PROMPT -
Only the lines below from the one that holds "火花音悦(SparkMusi" through the one that holds "ソニーが,義理の弟カルロを街" should appear in the answer, copied exactly, end lines included and pictures omitted.

DATASET -
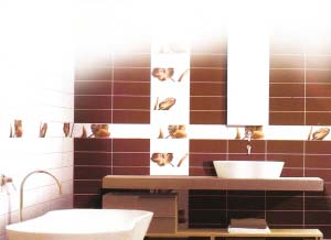 馬桶上方的墻面沒(méi)有很多空間可以自由發(fā)揮,而且還要和馬桶搭配和諧。六片花磚組成的一組圖案,在設(shè)計(jì)中加入一些卡通的概念在里面,是使空間變得活潑的一種方法,而且在運(yùn)用時(shí)宜精不宜多。
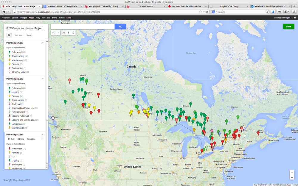 Anyways, on to the mapping. My database was based primarily on bi-weekly and monthly statistical reports produced by the Department of Labour that kept track of PoWs employed on labour projects and various statistical reports on internment camps. I should also note that there were gaps in my records that I have yet to fill so it is not a completely accurate depiction of PoWs in Canada. From these records, I was able to obtain basic details such as a general location (usually just a town or city name), the employer, the amount of PoWs employed, the number of guards, the nature of work, etc. As I had already spent the summer entering this data into excel, all I had to do was import the data into Maps Engine Lite and let it work its magic.
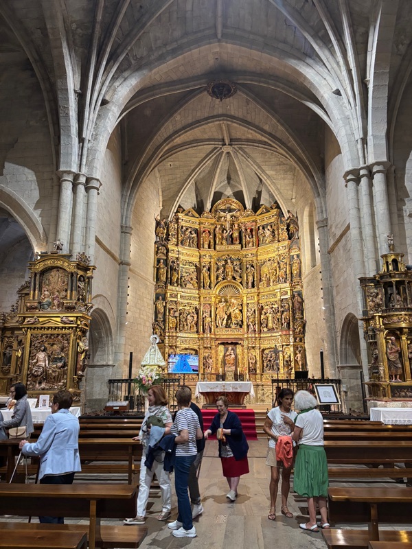 Ma két holland hölggyel indultam, de olyan gyorsak voltak, hogy egy idő után nem tudtam tartani a tempót, és a csípőm is még mindig fáj. (A nagy hátizsák visszatért az előző nap óta…) A csípő nem hazudik… Útközben találkoztam egy kis mókussal, aki nagyon kíváncsi volt, és egészen közel jött. Sajnos nem volt nálam dió. A táj gyönyörű volt: először egy tó, aztán végtelen szőlőültetvények (Rioja bor!). A mai táv 29 km volt, ami elég keménynek bizonyult, bár csak 25 fok volt, felhős égbolt és állandó szél. Először utolértem a hollandokat, aztán egy kanadai hölggyel mentem, végül pedig egy ausztrál férfival gyalogoltam végig Nájera városáig. Itt először engedtem meg magamnak a luxust: egy privát szobát! Leírhatatlan érzés volt. Itt van egy kolostor is, ahol a legenda szerint Szűz Mária megjelent. A templom csodálatos!
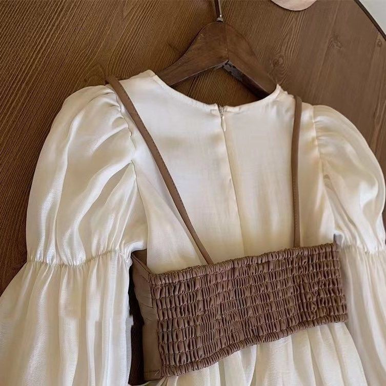 Ready Girls Autumn Dress Two-piece Suit Autumn French Retro PU Leather Vest Dress Suit T69
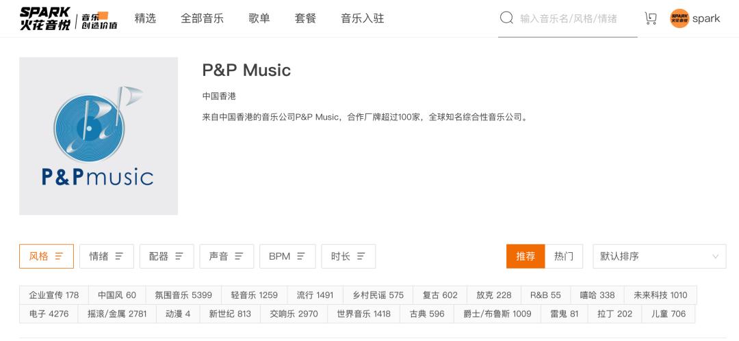 火花音悦(SparkMusic)是目前国内最大的RF商用音乐服务商,拥有超60万首全版权、定价权的曲库资源,涵盖RF、RM、RR等多种授权形式,并与海内外数百家版权方和音乐人保持联系,实时更新最新音乐作品,为客户提供极致性价比的音乐内容体验。结合独家音乐管理系统,为信息流广告、短视频、综艺制作、公播等行业上百家企业输出企业版、标准版和极速版等定制化企业级音乐商用SaaS服务。
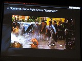 ソニーが,義理の弟カルロを街頭で痛めつけるシーンをサンプルに選び,どのような動きを盛り込めば,このシーンをリアルに再現できるかを再三にわたって検討したそうだ。
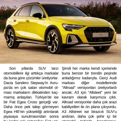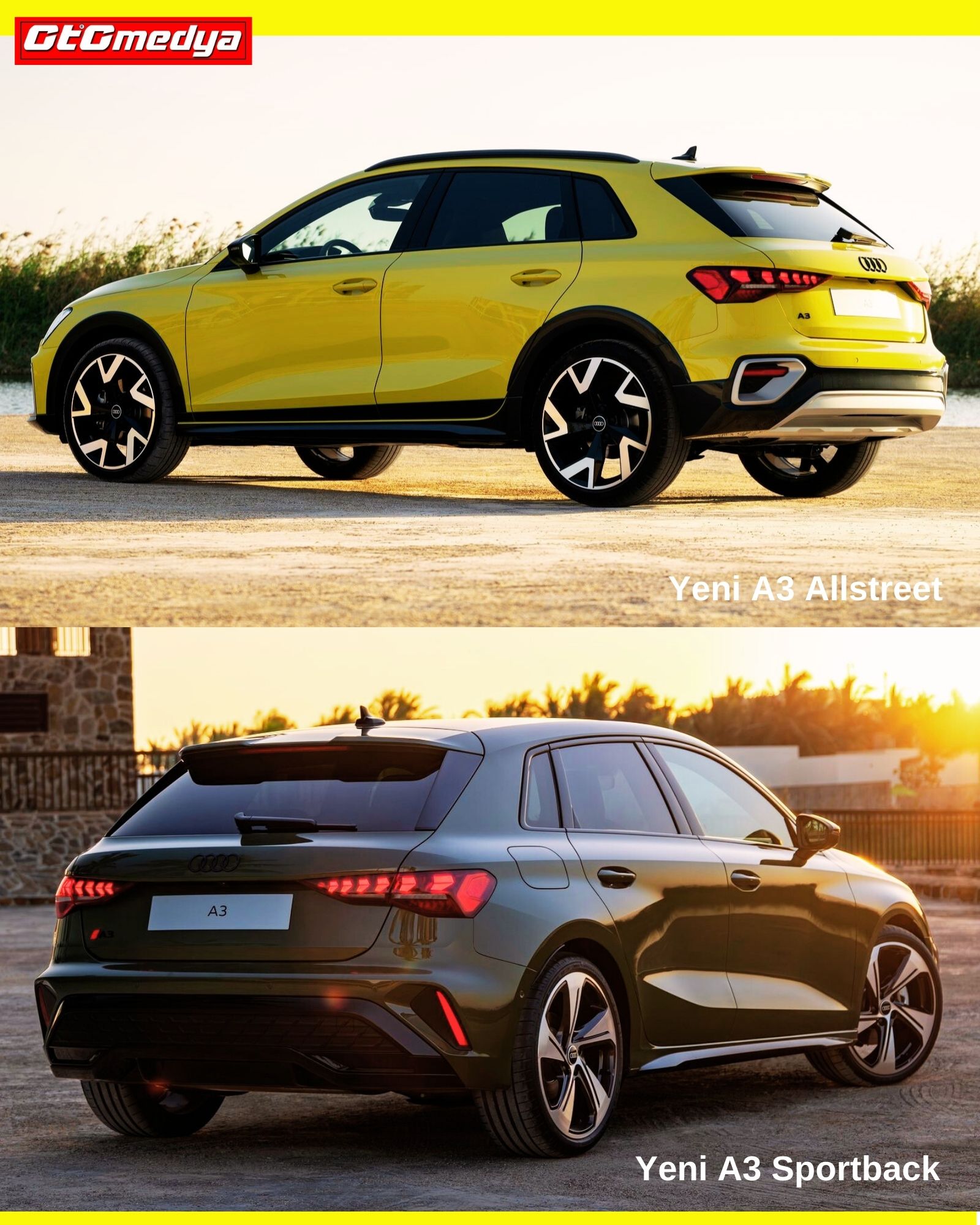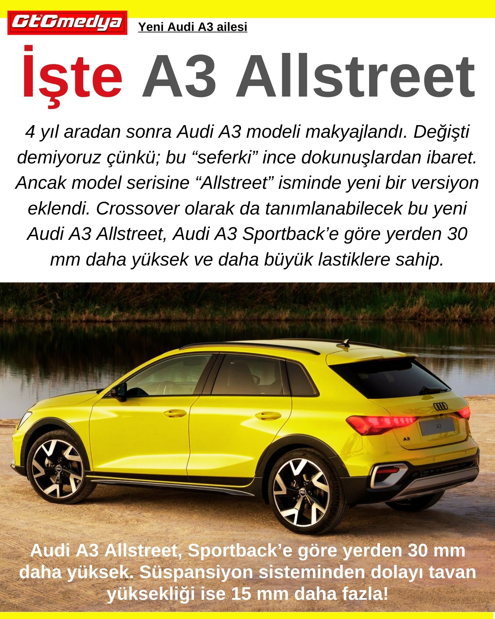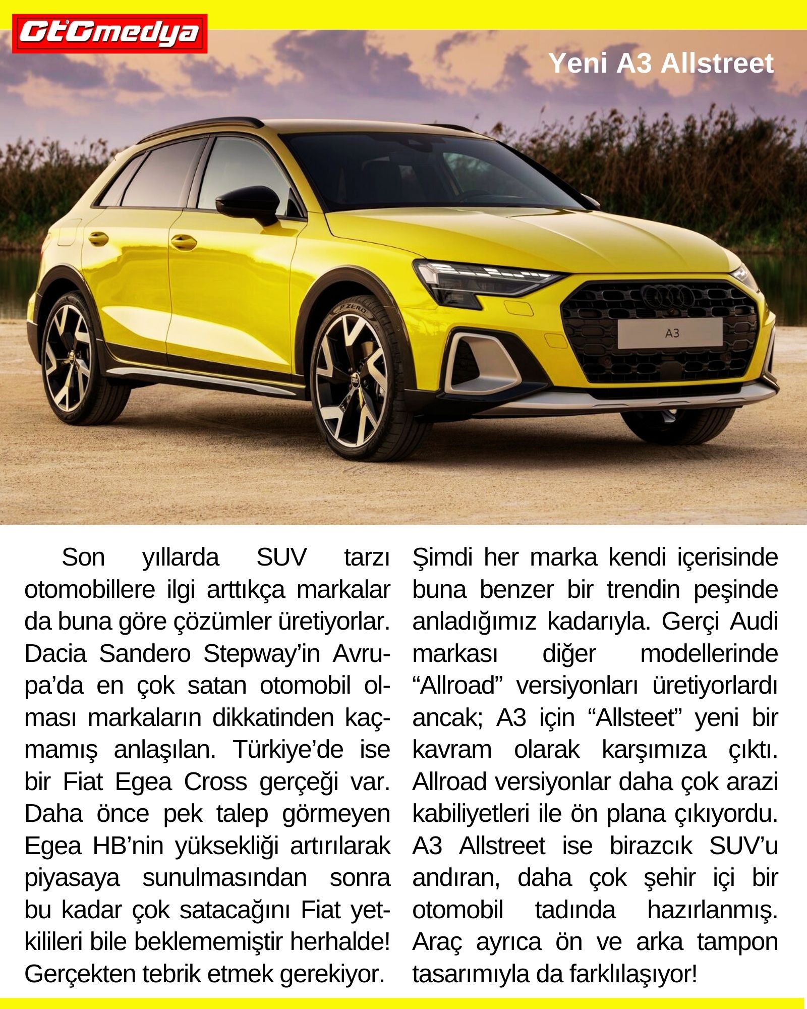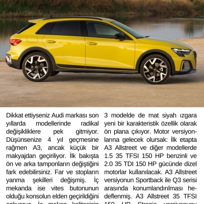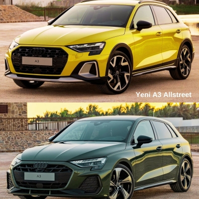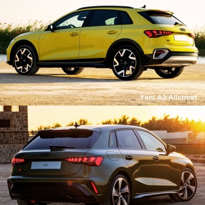 Şimdi her marka kendi içerisinde buna benzer bir trendin peşinde anladığımız kadarıyla. Gerçi Audi markası diğer modellerinde “Allroad” versiyonları üretiyorlardı ancak; A3 için “Allsteet” yeni bir kavram olarak karşımıza çıktı. Allroad versiyonlar daha çok arazi kabiliyetleri ile ön plana çıkıyordu. A3 Allstreet ise birazcık SUV’u andıran, daha çok şehir içi bir otomobil tadında hazırlanmış. Araç ayrıca ön ve arka tampon tasarımıyla da farklılaşıyor!

WRITTEN ANSWER -
 火花音悦(SparkMusic)是目前国内最大的RF商用音乐服务商,拥有超60万首全版权、定价权的曲库资源,涵盖RF、RM、RR等多种授权形式,并与海内外数百家版权方和音乐人保持联系,实时更新最新音乐作品,为客户提供极致性价比的音乐内容体验。结合独家音乐管理系统,为信息流广告、短视频、综艺制作、公播等行业上百家企业输出企业版、标准版和极速版等定制化企业级音乐商用SaaS服务。
 ソニーが,義理の弟カルロを街頭で痛めつけるシーンをサンプルに選び,どのような動きを盛り込めば,このシーンをリアルに再現できるかを再三にわたって検討したそうだ。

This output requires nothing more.